So it is entirely possible for 'int' to be 16 bits and 'long' at 32 bits and 'long long' at 64 bits. Not likely, of course. But possible and standard conforming.


That's why the C99 standard set up the stdint.h header to provide a nice portable way the programmer can be guaranteed of having the right size integers when they need it.

For C89, it doesn't even know about 64 bit integers, and the compiler writer is on his own and the programmer should actually check to make sure. In this case, 'int' is often 32 and 'long' 64 bits. But that violates the C convention / requirement that 'int' is the machine word size.


Of course, we've had this discussion before, and I'm well aware you don't like the C99 standard because not all compilers (<cough> Microsoft <cough>) support it.



But don't go saying that 'long' *must* be 64 bits because it doesn't.

I do not believe I said "it must be 64 bits". I rather said that it has been 64 bits on _every_ 64 bit architecture and compiler combination I have tried. You can look at the Crafty Makefile to see just how comprehensive that list of architectures and O/S choices is. Apparently there is / was / could-be some MS compiler that is/was brain-dead...
Maybe you didn't say 'must', but it sounded like it. It certainly sounded like 'always', though.

But I will admit that integer sizes etc. are something that really annoys me. C says what they are and it seems like people are still going around assuming they are still what they were 20 years ago on 16 bit PC.

People are still casting pointers to 'int' or 'long' even though C99 provides a guaranteed data type to hold it. It's stupid, but people do it. Just habit. (I guess that really says it. Just like when people moved from 16 bit DOS with 'huge' pointers to 32 bits, things were a bit painful. Now that everybody is comfortable with 32 bits, they are starting to take those habits to 64 bits.)
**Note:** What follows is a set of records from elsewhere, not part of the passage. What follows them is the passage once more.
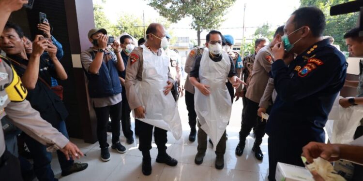Surabaya – Kapolda Jawa Timur, Irjen Pol Drs. Nanang Avianto,M.Si bersama Pejabat Utama (PJU) Polda Jatim meninjau proses identifikasi korban robohnya bangunan di Pondok Pesantren (Ponpes) Al Khoziny, Buduran, Sidoarjo,Jumat (3/10/2025).
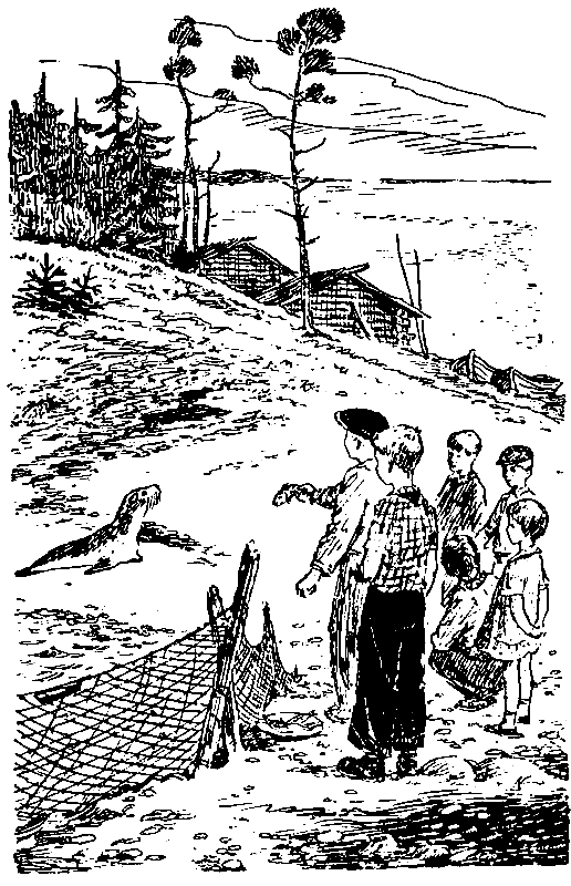 Когда в посёлке стало известно, что рыбаки привезли живого тюленя, на берег сбежались все ребята. Они окружили пойманного зверя, и каждый старался дотронуться до его гладкой, блестящей шкурки.
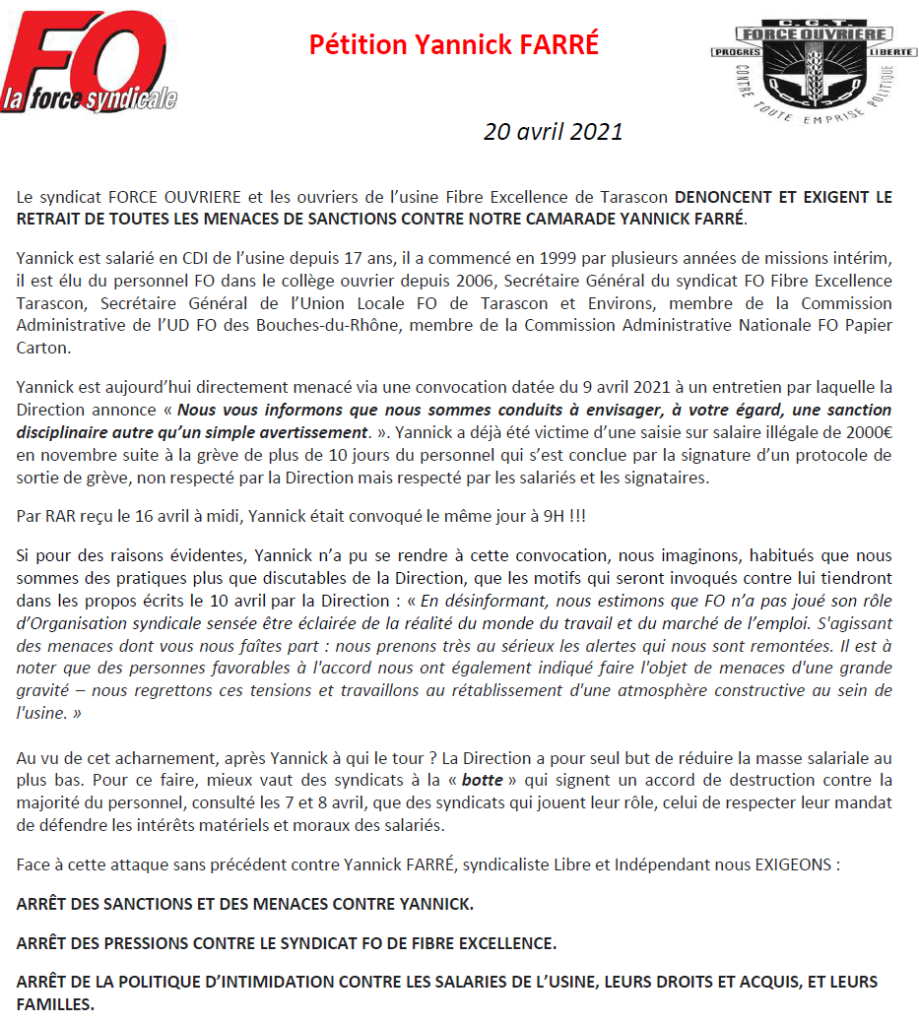 Elu du personnel FO dans le collège ouvrier depuis 2006, Secrétaire Général du syndicat FO Fibre Excellence Tarascon, Secrétaire Général de l’Union Locale FO de Tarascon et Environs, membre de la Commission Administrative de l’UD FO des Bouches-du-Rhône, membre de la Commission Administrative Nationale FO Papier Carton, Yannick est menacé de sanction par la Direction de l’usine Fibre Excellence.

It's just such a habit to use 'short', 'int', and 'long' that they just don't bother to use data types that are actually guaranteed to be the size they need, even if there is a chance that a too small or big size could crash the program.

(You've mentioned Cray... I remember reading a few articles from Cray's programmers complaining about the idiotic programming of 32 bit programmers. Such as cases where a 32 bit int with all bits set being equated with -1, which of course fails when Cray tried to port those programs to the 64 bit Cray systems. Or shifting bits around and expecting them to fall off the end, and then comparing them to a constant.)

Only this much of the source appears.